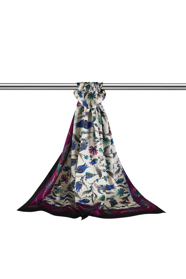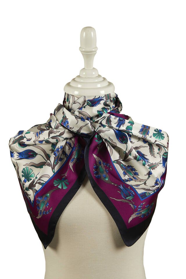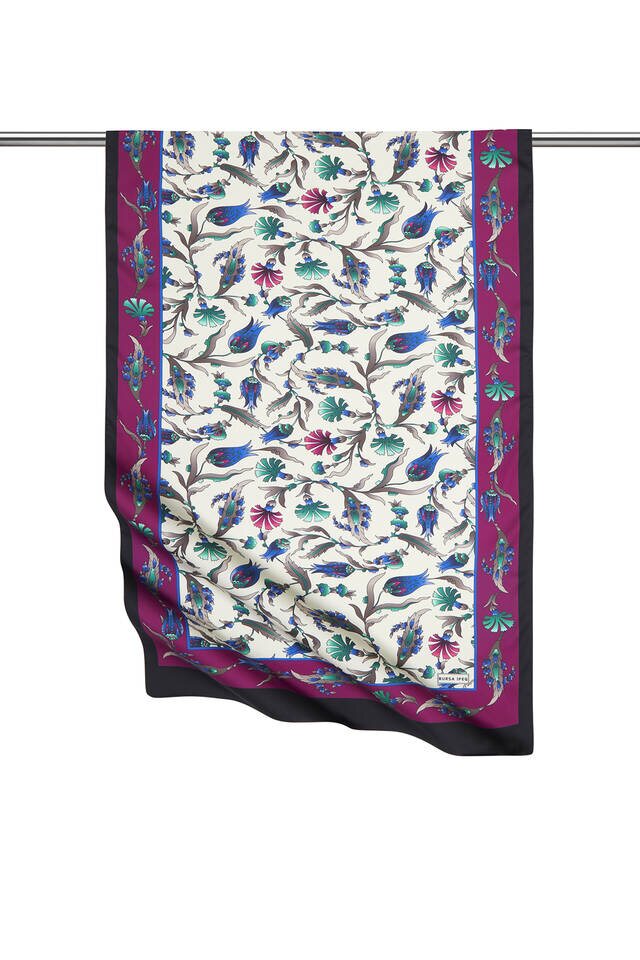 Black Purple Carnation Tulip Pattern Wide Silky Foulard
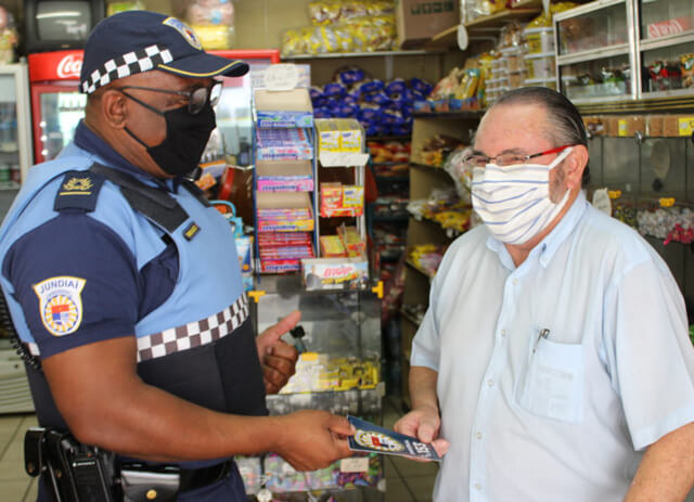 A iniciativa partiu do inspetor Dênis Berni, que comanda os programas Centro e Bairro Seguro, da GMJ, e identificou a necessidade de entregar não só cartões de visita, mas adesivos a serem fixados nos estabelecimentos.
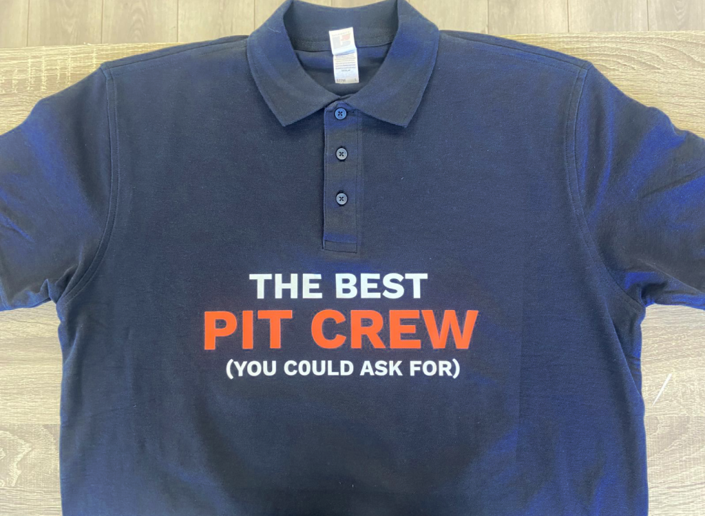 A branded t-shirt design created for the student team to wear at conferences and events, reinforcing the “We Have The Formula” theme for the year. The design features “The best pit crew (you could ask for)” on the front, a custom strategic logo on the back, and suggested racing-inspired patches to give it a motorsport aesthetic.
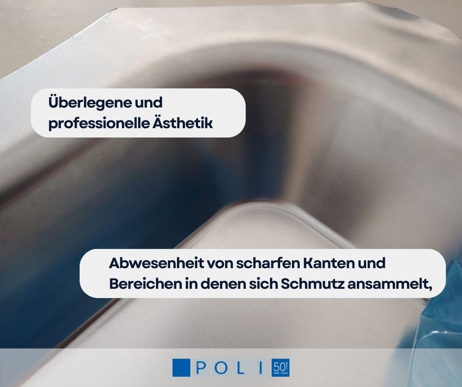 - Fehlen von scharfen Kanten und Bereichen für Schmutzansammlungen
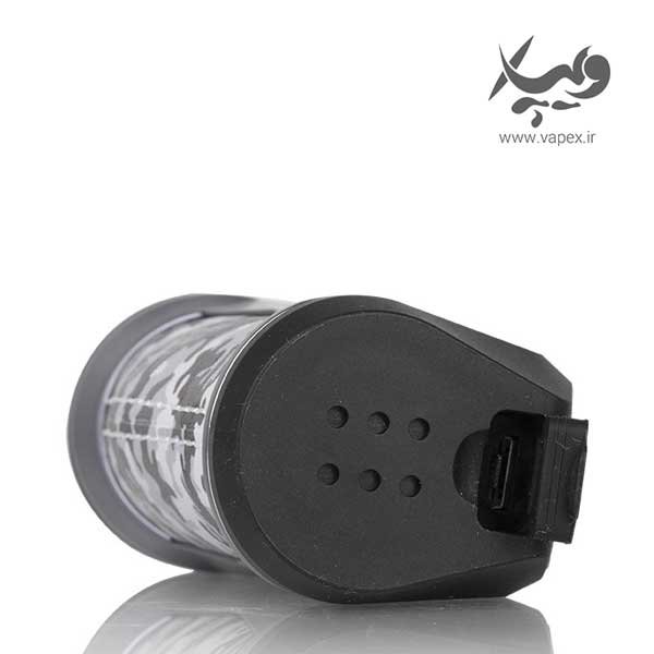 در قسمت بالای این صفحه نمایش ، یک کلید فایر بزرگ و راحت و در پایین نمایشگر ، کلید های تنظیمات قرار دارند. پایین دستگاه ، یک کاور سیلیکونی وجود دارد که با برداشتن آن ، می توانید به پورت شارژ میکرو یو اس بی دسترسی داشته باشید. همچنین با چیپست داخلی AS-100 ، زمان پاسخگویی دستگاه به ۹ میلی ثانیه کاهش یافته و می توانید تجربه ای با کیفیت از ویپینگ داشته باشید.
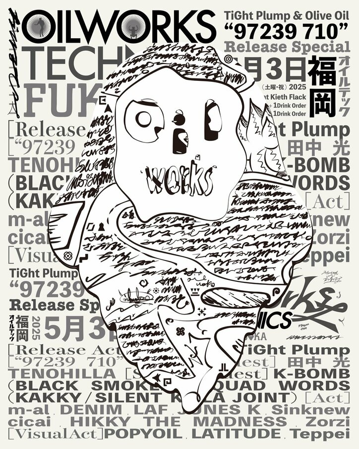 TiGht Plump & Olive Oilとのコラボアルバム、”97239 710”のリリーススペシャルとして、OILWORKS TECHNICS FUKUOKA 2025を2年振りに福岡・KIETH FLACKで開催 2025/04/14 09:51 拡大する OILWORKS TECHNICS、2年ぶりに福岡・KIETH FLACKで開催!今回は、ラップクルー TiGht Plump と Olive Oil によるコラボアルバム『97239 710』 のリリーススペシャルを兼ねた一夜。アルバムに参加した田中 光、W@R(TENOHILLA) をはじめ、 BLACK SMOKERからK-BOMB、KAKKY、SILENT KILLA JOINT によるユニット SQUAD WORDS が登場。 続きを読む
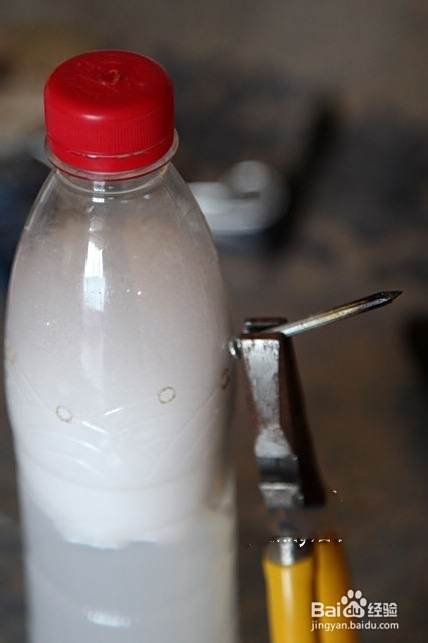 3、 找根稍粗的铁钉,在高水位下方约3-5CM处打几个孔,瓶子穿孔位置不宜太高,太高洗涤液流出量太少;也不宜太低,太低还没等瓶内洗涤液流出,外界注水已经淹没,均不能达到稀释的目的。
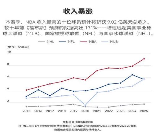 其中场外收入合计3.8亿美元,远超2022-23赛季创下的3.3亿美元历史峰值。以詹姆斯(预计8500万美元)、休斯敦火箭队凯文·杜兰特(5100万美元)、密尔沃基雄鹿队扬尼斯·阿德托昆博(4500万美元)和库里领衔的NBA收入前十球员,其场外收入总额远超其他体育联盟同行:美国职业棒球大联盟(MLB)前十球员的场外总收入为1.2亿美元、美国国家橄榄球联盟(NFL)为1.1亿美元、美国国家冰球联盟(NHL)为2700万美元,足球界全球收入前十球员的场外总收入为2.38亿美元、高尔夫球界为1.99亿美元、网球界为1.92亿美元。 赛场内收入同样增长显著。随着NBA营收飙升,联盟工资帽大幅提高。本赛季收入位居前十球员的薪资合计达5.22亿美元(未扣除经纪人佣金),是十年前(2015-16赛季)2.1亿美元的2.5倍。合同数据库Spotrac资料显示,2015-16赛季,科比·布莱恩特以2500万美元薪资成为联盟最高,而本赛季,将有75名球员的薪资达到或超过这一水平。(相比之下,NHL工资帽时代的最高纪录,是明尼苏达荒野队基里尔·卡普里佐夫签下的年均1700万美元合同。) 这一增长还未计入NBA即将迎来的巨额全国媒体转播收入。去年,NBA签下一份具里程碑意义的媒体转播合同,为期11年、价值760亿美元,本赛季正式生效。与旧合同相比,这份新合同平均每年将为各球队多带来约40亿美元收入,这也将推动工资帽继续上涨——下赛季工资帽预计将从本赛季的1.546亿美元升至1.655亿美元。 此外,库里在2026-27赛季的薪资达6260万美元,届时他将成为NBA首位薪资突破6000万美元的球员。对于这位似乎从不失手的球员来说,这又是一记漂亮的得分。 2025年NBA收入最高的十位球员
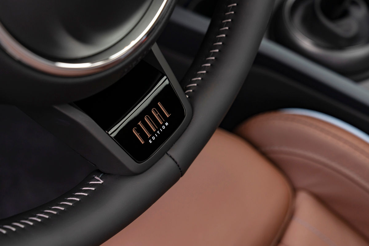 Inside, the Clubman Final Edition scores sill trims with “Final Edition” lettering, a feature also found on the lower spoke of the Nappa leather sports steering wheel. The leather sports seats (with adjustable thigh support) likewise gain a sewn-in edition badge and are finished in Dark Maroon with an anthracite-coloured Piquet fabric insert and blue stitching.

****

- _ABOUT THIS TASK_
Everything in the material except the pictures should be restated word for word.

- _SOLUTION TO THE PROBLEM_
 Black Purple Carnation Tulip Pattern Wide Silky Foulard
 A iniciativa partiu do inspetor Dênis Berni, que comanda os programas Centro e Bairro Seguro, da GMJ, e identificou a necessidade de entregar não só cartões de visita, mas adesivos a serem fixados nos estabelecimentos.
 A branded t-shirt design created for the student team to wear at conferences and events, reinforcing the “We Have The Formula” theme for the year. The design features “The best pit crew (you could ask for)” on the front, a custom strategic logo on the back, and suggested racing-inspired patches to give it a motorsport aesthetic.
 - Fehlen von scharfen Kanten und Bereichen für Schmutzansammlungen
 در قسمت بالای این صفحه نمایش ، یک کلید فایر بزرگ و راحت و در پایین نمایشگر ، کلید های تنظیمات قرار دارند. پایین دستگاه ، یک کاور سیلیکونی وجود دارد که با برداشتن آن ، می توانید به پورت شارژ میکرو یو اس بی دسترسی داشته باشید. همچنین با چیپست داخلی AS-100 ، زمان پاسخگویی دستگاه به ۹ میلی ثانیه کاهش یافته و می توانید تجربه ای با کیفیت از ویپینگ داشته باشید.
 TiGht Plump & Olive Oilとのコラボアルバム、”97239 710”のリリーススペシャルとして、OILWORKS TECHNICS FUKUOKA 2025を2年振りに福岡・KIETH FLACKで開催 2025/04/14 09:51 拡大する OILWORKS TECHNICS、2年ぶりに福岡・KIETH FLACKで開催!今回は、ラップクルー TiGht Plump と Olive Oil によるコラボアルバム『97239 710』 のリリーススペシャルを兼ねた一夜。アルバムに参加した田中 光、W@R(TENOHILLA) をはじめ、 BLACK SMOKERからK-BOMB、KAKKY、SILENT KILLA JOINT によるユニット SQUAD WORDS が登場。 続きを読む
 3、 找根稍粗的铁钉,在高水位下方约3-5CM处打几个孔,瓶子穿孔位置不宜太高,太高洗涤液流出量太少;也不宜太低,太低还没等瓶内洗涤液流出,外界注水已经淹没,均不能达到稀释的目的。
 其中场外收入合计3.8亿美元,远超2022-23赛季创下的3.3亿美元历史峰值。以詹姆斯(预计8500万美元)、休斯敦火箭队凯文·杜兰特(5100万美元)、密尔沃基雄鹿队扬尼斯·阿德托昆博(4500万美元)和库里领衔的NBA收入前十球员,其场外收入总额远超其他体育联盟同行:美国职业棒球大联盟(MLB)前十球员的场外总收入为1.2亿美元、美国国家橄榄球联盟(NFL)为1.1亿美元、美国国家冰球联盟(NHL)为2700万美元,足球界全球收入前十球员的场外总收入为2.38亿美元、高尔夫球界为1.99亿美元、网球界为1.92亿美元。 赛场内收入同样增长显著。随着NBA营收飙升,联盟工资帽大幅提高。本赛季收入位居前十球员的薪资合计达5.22亿美元(未扣除经纪人佣金),是十年前(2015-16赛季)2.1亿美元的2.5倍。合同数据库Spotrac资料显示,2015-16赛季,科比·布莱恩特以2500万美元薪资成为联盟最高,而本赛季,将有75名球员的薪资达到或超过这一水平。(相比之下,NHL工资帽时代的最高纪录,是明尼苏达荒野队基里尔·卡普里佐夫签下的年均1700万美元合同。) 这一增长还未计入NBA即将迎来的巨额全国媒体转播收入。去年,NBA签下一份具里程碑意义的媒体转播合同,为期11年、价值760亿美元,本赛季正式生效。与旧合同相比,这份新合同平均每年将为各球队多带来约40亿美元收入,这也将推动工资帽继续上涨——下赛季工资帽预计将从本赛季的1.546亿美元升至1.655亿美元。 此外,库里在2026-27赛季的薪资达6260万美元,届时他将成为NBA首位薪资突破6000万美元的球员。对于这位似乎从不失手的球员来说,这又是一记漂亮的得分。 2025年NBA收入最高的十位球员
 Inside, the Clubman Final Edition scores sill trims with “Final Edition” lettering, a feature also found on the lower spoke of the Nappa leather sports steering wheel. The leather sports seats (with adjustable thigh support) likewise gain a sewn-in edition badge and are finished in Dark Maroon with an anthracite-coloured Piquet fabric insert and blue stitching.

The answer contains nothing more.